Cinco anos depois disso tudo, a
mudança do estilo de vida associando dieta com exercício me trouxeram o peso
que eu não tinha desde 2004, quando estava na faculdade. Não
tenho vergonha de dizer que fiz uma lipo, todo mundo viu que não
adiantou NADA... Também não estou aqui pra dizer para as pessoas não fazerem
uma lipoaspiração... Só estou trazendo dados científicos que comprovam que
nosso corpo irá reagir se não houverem mudanças do ponto de vista metabólico e
isso só pode ser revertido com exercício físico e uma dieta balanceada. Se o
método cirúrgico for a escolha de alguém que estiver lendo este
texto, só espero trazer uma informação que auxilie na manutenção dos ganhos,
porque se eu tivesse lido esta revisão naquela época, ela talvez tivesse mudado
alguma coisa, já que eu acredito muito na ciência. Eu mesma conheço um
monte de gente que irá se identificar com esta minha história e agora poderá
entender como nosso corpo reage. Pra ele é uma agressão chegar e arrancar
de repente um monte de célula adiposa que ele tanto
"custou"guardar pra te proteger... Ele não sabe que você quis isso,
então pra te proteger ele tenta reverter a todo custo.
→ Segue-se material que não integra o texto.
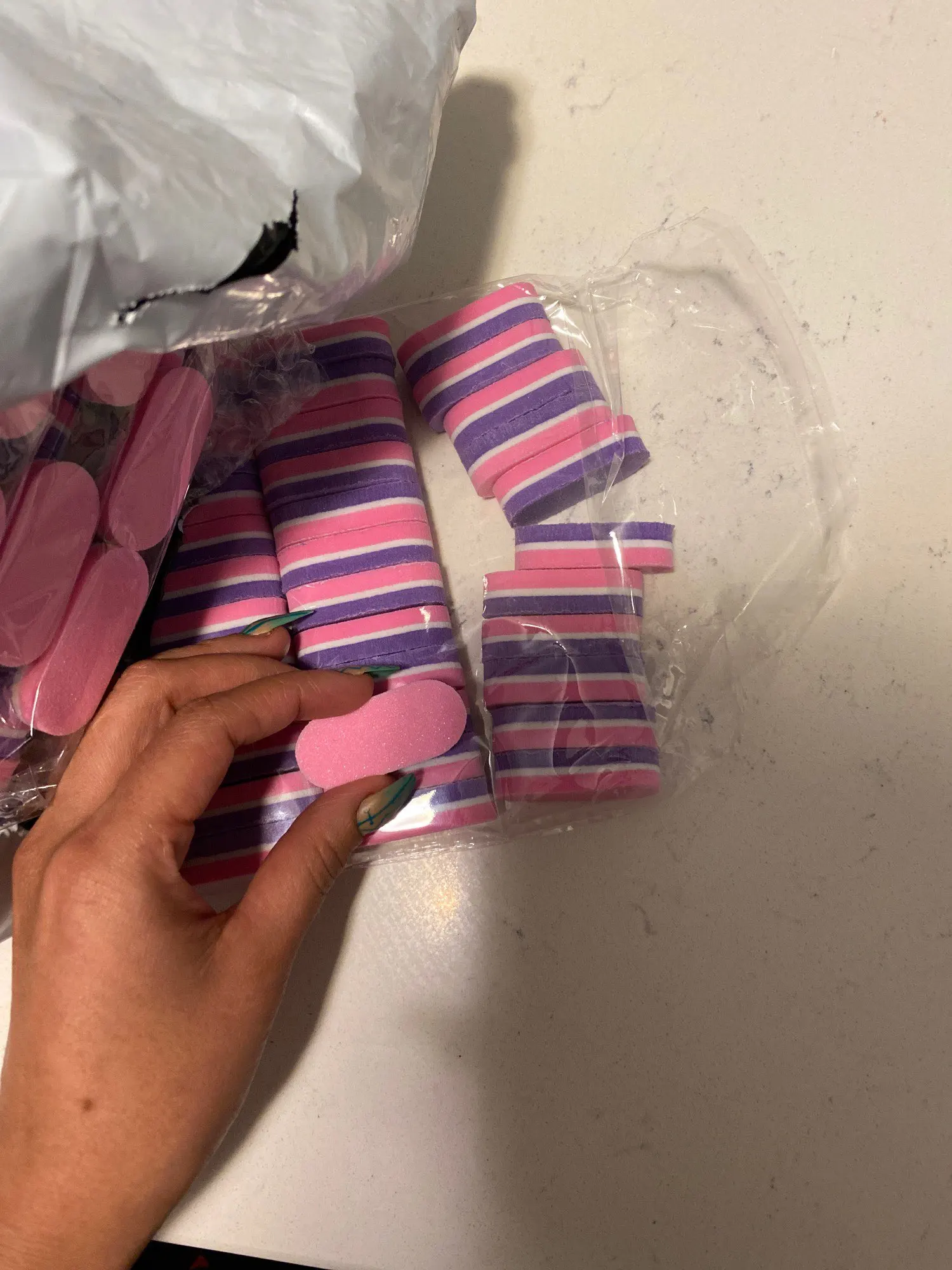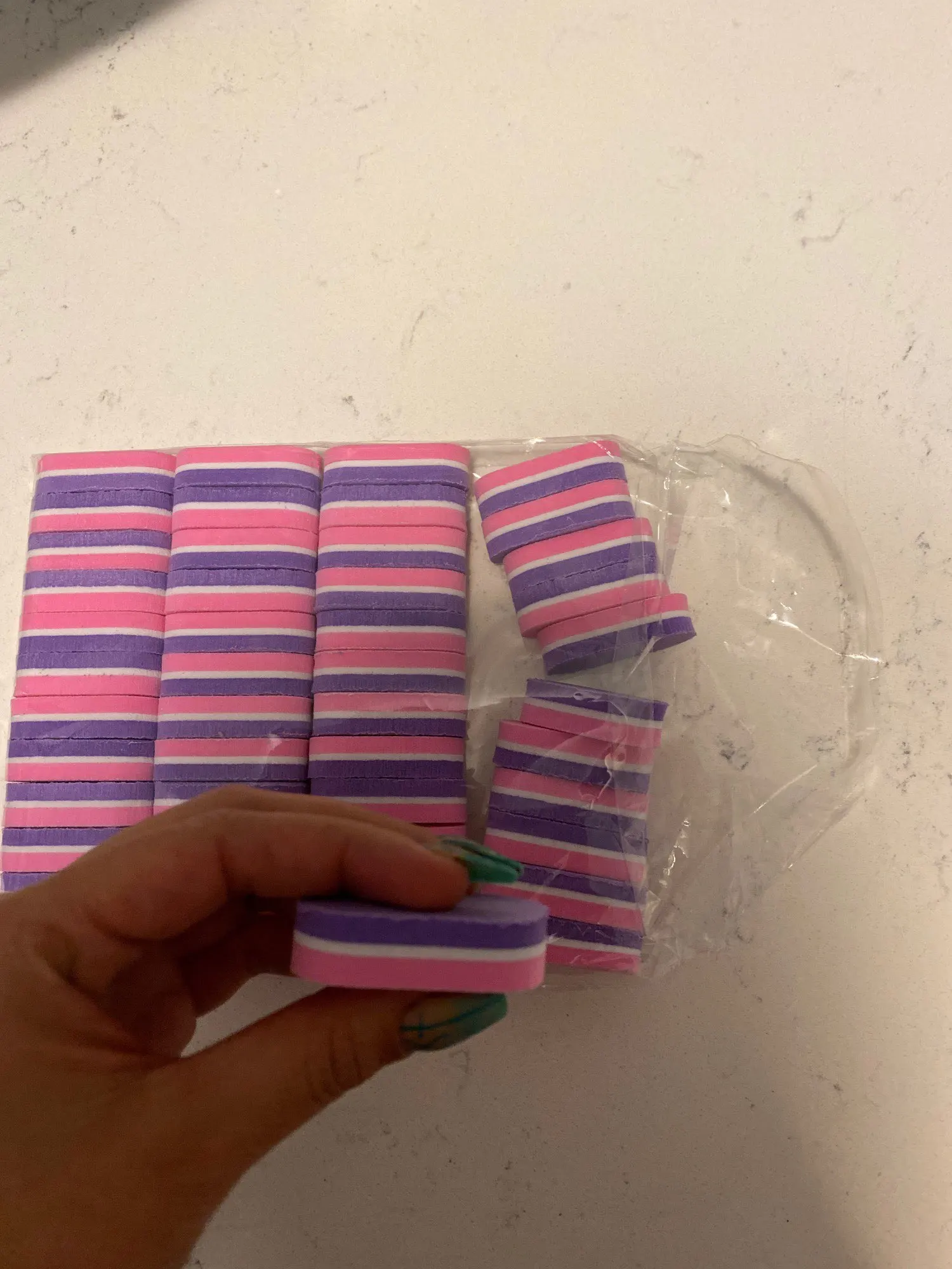 Очень удобны бафики в использовании, приспособилась быстро к размеру. Надоело дезинфицировать большие бафы и решила заказать маленькие для одноразового использования. Ни чуть не пожалела об этом! Теперь не трачу время на мытьё и стерильно для каждого клиента.

O que fica destes estudos é
que realmente não existe maneira de alcançar um bom resultado com um
menor esforço. Por isso valorize os bons profissionais de educação física e
nutricionistas, porque eles são a chave pra que seus esforços tragam bons
resultados.
Referências
Benatti
F, Solis M, Artioli G, et al. Liposuction induces a compensatory increase of
visceral fat which is effectively counteracted by physical activity: a
randomized trial. J Clin Endocrinol Metab. 2012;97:2388–95.
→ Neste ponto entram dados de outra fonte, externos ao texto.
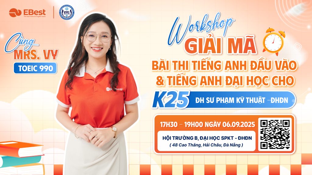 Để giúp hành trình học tiếng Anh của các bạn tân sinh viên Khoá 2025 dễ dàng hơn, EBest tổ chức một buổi workshop: “Giải Mã Bài Thi Tiếng Anh Đầu Vào & Tiếng Anh Đại Học Cho K25”. Đây chính là chìa khóa để hành trình học tiếng Anh tại đại học của bạn trở nên dễ dàng và tối ưu nhất.
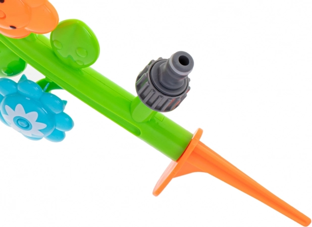 Montavimas itin paprastas: įsmeikite smaigalį į žemę, prijunkite sodo žarną per standartinę greitjungtį ir viskas. Patvari plastikinė konstrukcija atlaikys ne vieną sezoną, o ryškios spalvos vis vėl kvies žaisti.
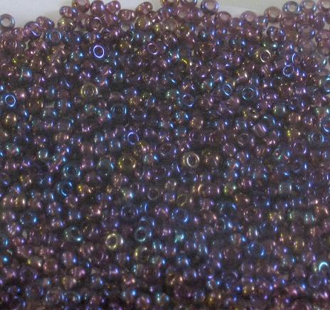 Diese Rocailles oder auch Indianerperlen aus Glas in irisierend mauve regenbogen sind in der Größe ca. 2,6 mm.
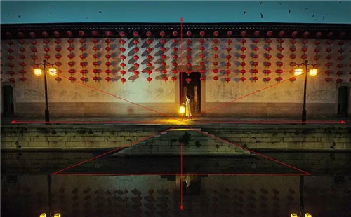 具有平衡、稳定、相对的特点。常用于表现对称的物体、建筑、特殊风格的物体,配合人物的点缀能起到画龙点睛的作用。
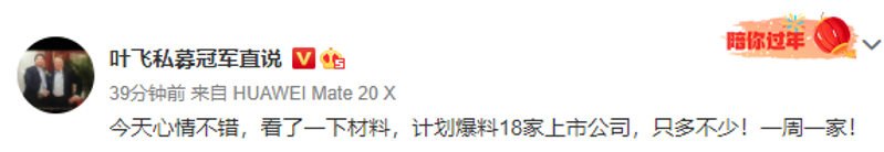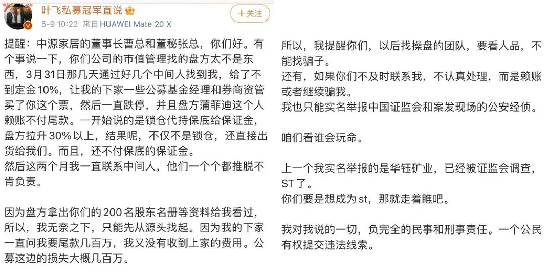 其實早在一個月前,葉飛在微博中就曾表示:“下一個我要實名舉報中源家居,提前給大家預告一下。” 這是葉飛首次公開提到中源家居(603709.SH),并稱會舉報更多欺騙他、讓他損失過的上市公司。
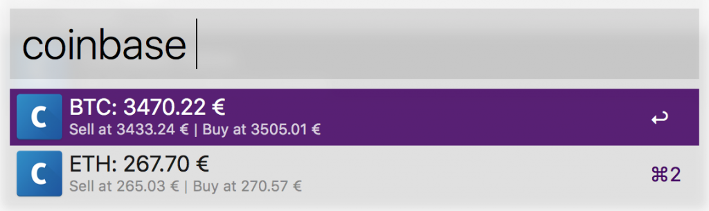 Get Spot/Buy/Sell prices of Bitcoin and Ether straight from Coinbase.

Boriani F, Villani R, Morselli PG.
Metabolic effects of large- volume liposuction for obese healthy women: a
meta-analysis of fasting insulin levels. Aesthet Plast Surg.
2014;38:1050–6.
Broughton 2nd G, Horton B, Lipschitz
A, et al. Lifestyle outcomes, satisfaction, and attitudes of patients after
liposuction: a Dallas ex- perience. Plast Reconstr Surg.
2006;117:1738–49.
Kennedy GC. The role of depot fat in
the hypothalamic control of food intake in the rat. Proc R Soc Lond B Biol Sci.
1953;140:578–96
Krotkiewski M, Bjorntorp P, Sjostrom
L, et al. Impact of obesity on metabolism in men and women. Importance of
regional adipose tissue distribution. J Clin Invest. 1983;72:1150–62.
Rinomhota AS, Bulugahapitiya DU,
French SJ, et al. Women gain weight and fat mass despite lipectomy at
abdominoplasty and breas reduction. Eur J Endocrinol.
2008;158:349–52.
Seretis K, Goulis DG, Koliakos G,
Demiri E. Short-and Long-Term Effects of Abdominal Lipectomy on Weight and Fat
Mass in Females: A Systematic Review. Obes Surg. 2015 Oct;25(10):1950-8.
doi: 10.1007/s11695-015-1797-1. Review.